**The problem**
With the pictures left out, retype exactly the lines below starting at the line that contains "광주 지역 변호사 단체가" and ending at the line that contains "Женское платье с".

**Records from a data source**

————————

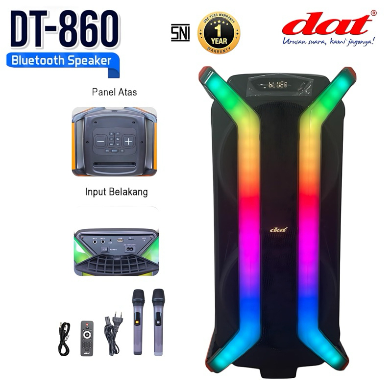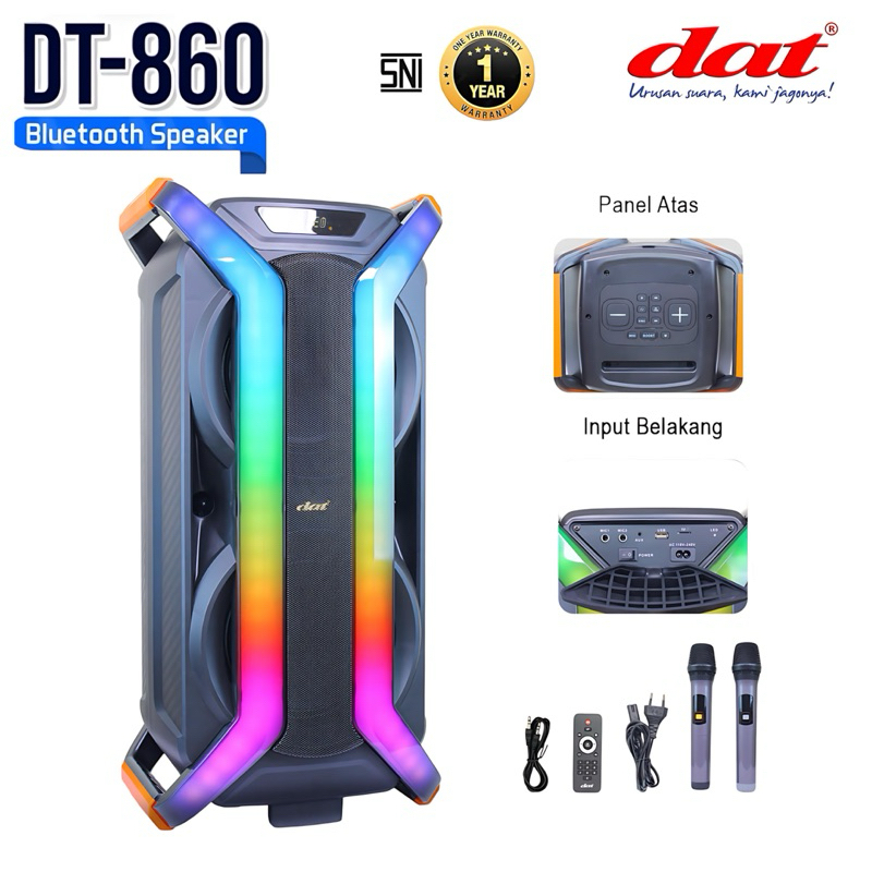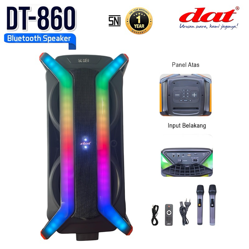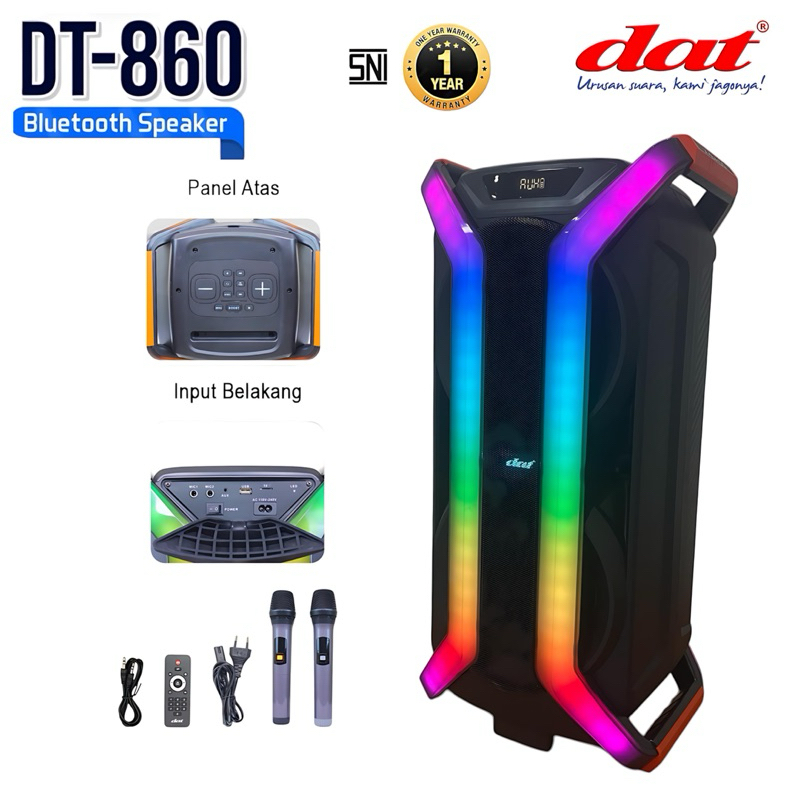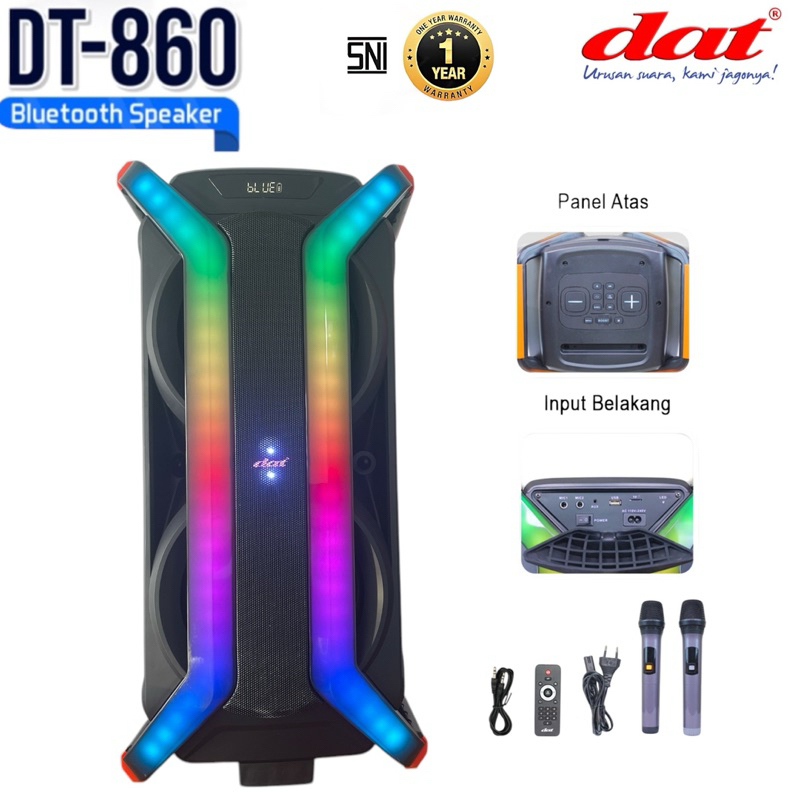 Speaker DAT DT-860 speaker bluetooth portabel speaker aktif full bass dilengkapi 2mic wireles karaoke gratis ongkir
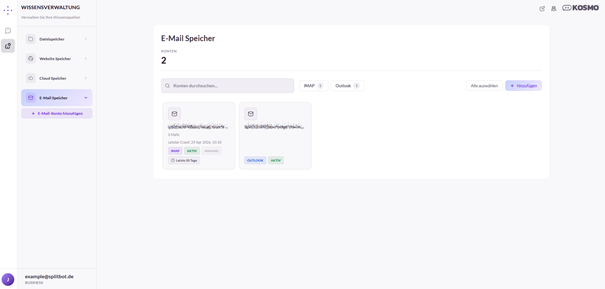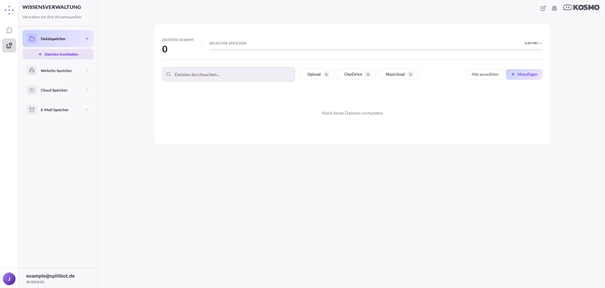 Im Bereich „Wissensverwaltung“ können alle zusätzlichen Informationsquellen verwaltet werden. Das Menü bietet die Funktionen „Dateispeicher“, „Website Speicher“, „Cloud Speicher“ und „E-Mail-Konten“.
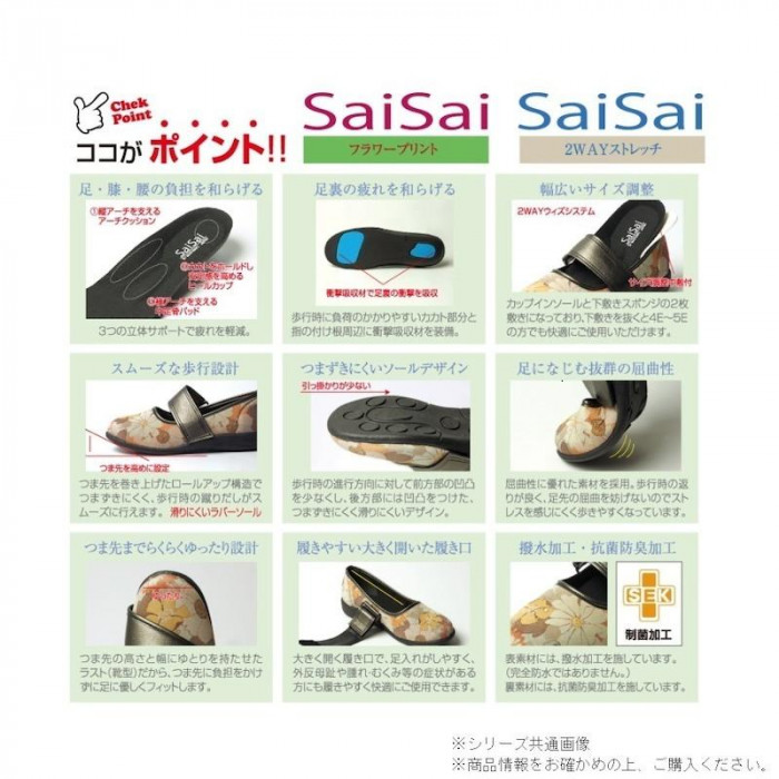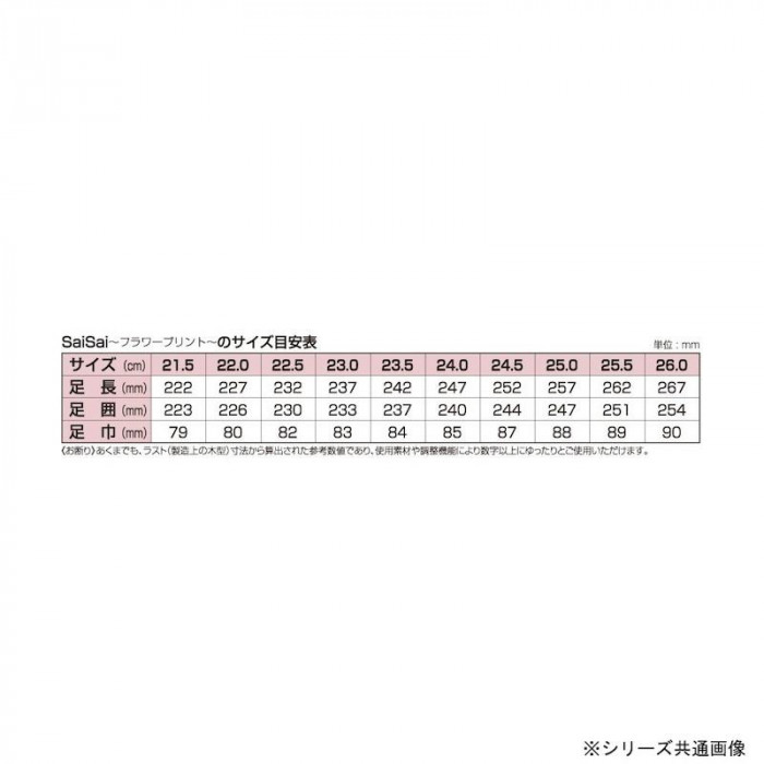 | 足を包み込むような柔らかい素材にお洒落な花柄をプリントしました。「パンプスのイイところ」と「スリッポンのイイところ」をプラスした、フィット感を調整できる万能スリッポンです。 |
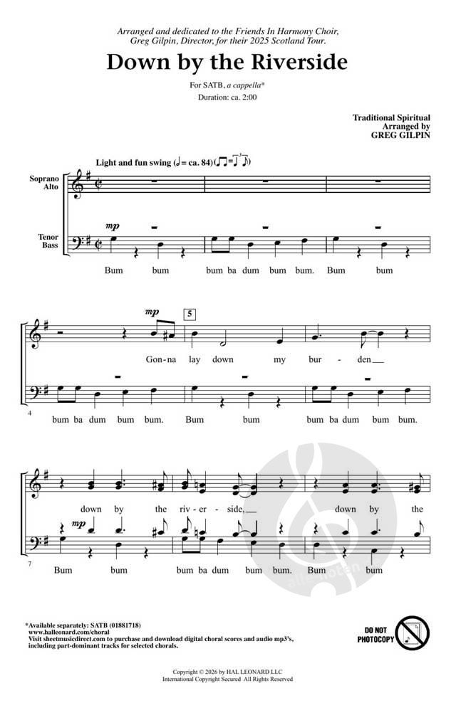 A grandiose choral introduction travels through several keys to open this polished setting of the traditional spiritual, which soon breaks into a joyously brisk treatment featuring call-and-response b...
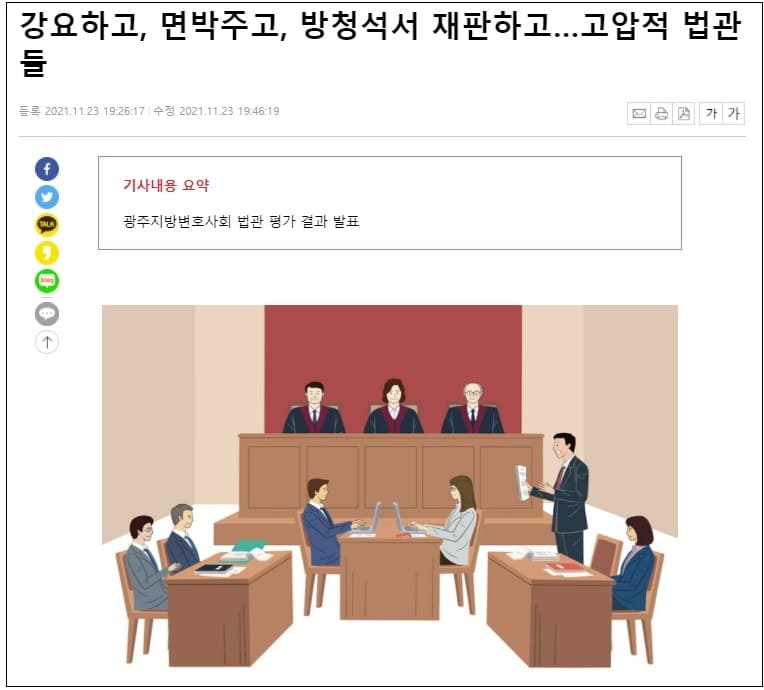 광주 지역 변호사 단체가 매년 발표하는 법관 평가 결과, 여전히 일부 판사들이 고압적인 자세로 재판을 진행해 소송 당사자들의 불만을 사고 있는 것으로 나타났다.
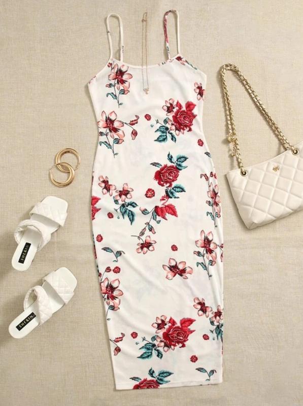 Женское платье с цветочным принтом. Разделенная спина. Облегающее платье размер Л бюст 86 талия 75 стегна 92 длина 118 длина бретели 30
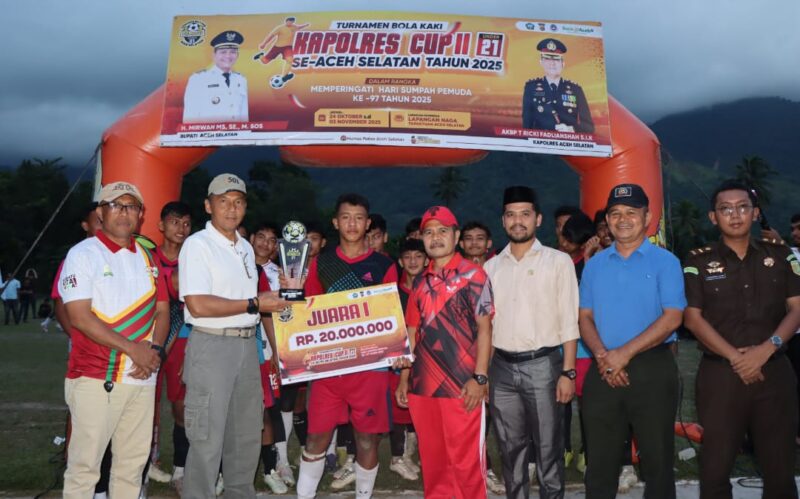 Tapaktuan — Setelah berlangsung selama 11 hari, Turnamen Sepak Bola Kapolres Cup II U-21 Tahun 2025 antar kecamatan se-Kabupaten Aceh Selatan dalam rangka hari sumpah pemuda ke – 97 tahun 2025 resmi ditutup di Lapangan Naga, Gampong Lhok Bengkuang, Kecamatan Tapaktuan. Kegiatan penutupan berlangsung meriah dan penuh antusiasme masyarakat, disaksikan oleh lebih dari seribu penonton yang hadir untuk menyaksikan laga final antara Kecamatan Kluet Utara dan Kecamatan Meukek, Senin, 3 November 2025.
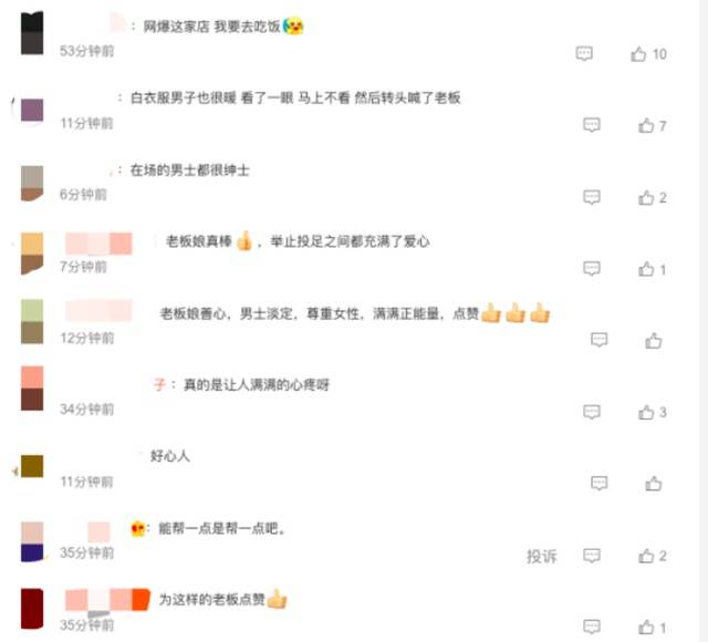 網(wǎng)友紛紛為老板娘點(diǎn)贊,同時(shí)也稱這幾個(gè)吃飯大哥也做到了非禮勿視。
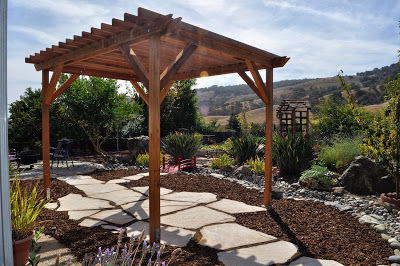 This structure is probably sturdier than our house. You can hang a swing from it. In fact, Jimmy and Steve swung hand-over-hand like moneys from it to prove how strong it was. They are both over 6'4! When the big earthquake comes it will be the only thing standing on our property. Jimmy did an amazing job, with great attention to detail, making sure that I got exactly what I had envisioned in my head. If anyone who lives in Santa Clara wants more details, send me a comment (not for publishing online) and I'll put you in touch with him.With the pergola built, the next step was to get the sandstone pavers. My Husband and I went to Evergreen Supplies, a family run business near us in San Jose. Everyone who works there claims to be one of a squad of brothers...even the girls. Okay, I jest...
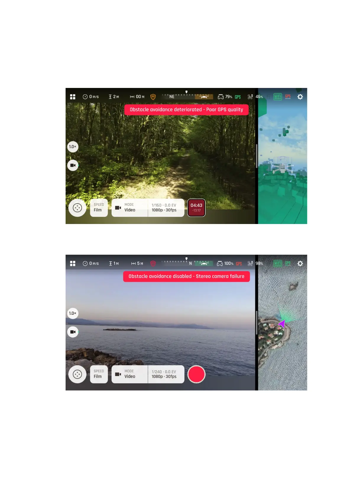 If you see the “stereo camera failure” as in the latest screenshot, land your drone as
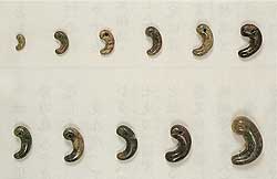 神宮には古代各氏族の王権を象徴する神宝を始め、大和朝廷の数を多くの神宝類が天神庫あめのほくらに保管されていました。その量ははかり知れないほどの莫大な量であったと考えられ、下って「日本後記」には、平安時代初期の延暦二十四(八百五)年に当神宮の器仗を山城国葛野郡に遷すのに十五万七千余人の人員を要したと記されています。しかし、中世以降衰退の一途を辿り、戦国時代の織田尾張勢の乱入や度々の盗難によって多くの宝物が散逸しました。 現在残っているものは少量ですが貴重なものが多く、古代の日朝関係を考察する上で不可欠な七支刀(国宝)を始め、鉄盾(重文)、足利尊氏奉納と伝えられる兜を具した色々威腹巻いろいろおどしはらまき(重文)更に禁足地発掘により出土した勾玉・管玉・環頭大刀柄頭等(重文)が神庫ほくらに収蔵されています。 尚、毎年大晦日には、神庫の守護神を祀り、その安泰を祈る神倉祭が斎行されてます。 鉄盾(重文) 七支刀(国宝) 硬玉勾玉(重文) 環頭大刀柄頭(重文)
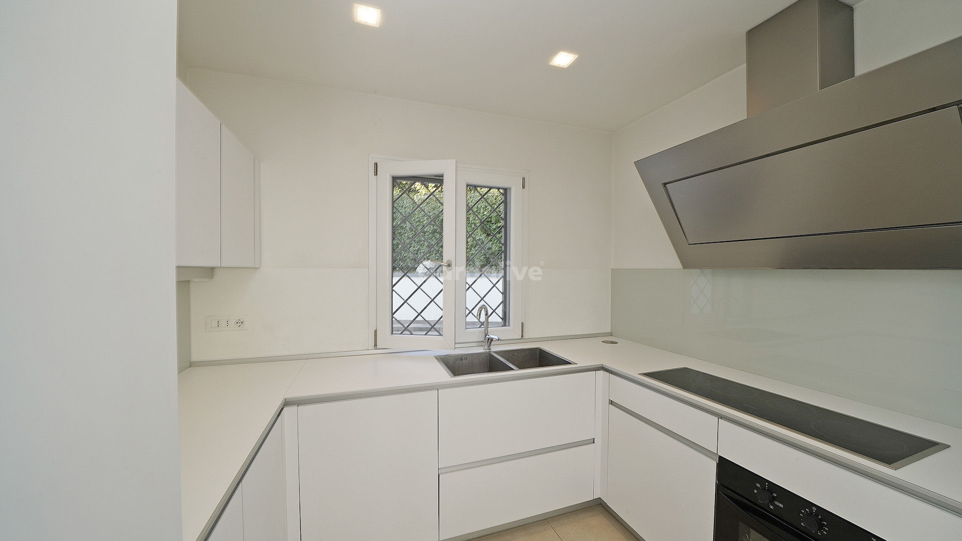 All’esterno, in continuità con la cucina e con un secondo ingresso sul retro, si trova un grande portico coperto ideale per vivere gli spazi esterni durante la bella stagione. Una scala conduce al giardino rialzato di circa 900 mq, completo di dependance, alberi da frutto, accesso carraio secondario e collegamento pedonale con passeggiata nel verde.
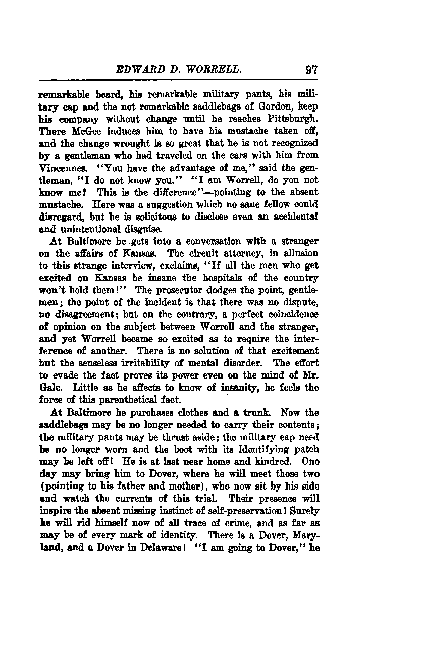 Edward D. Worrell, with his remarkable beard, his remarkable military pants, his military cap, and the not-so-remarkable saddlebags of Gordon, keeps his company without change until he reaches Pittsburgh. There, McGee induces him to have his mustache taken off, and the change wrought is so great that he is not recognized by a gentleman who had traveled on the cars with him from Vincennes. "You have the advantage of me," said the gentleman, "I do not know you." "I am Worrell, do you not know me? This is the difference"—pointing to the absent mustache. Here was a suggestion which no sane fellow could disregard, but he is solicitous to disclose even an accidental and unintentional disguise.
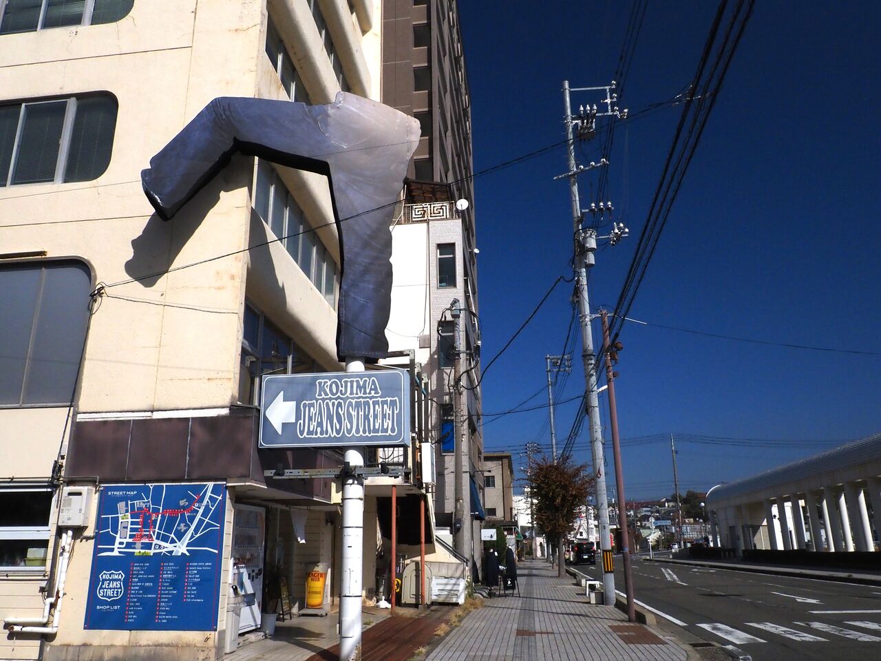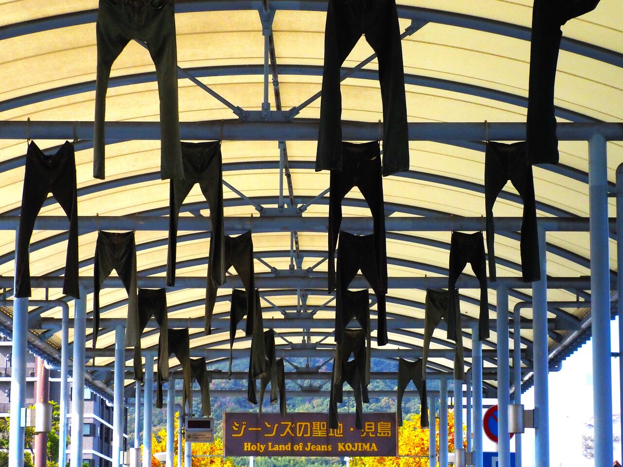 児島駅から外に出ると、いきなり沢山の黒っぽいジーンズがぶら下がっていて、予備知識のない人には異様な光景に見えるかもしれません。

————————

**Result of this exercise**
 광주 지역 변호사 단체가 매년 발표하는 법관 평가 결과, 여전히 일부 판사들이 고압적인 자세로 재판을 진행해 소송 당사자들의 불만을 사고 있는 것으로 나타났다.
 Женское платье с цветочным принтом. Разделенная спина. Облегающее платье размер Л бюст 86 талия 75 стегна 92 длина 118 длина бретели 30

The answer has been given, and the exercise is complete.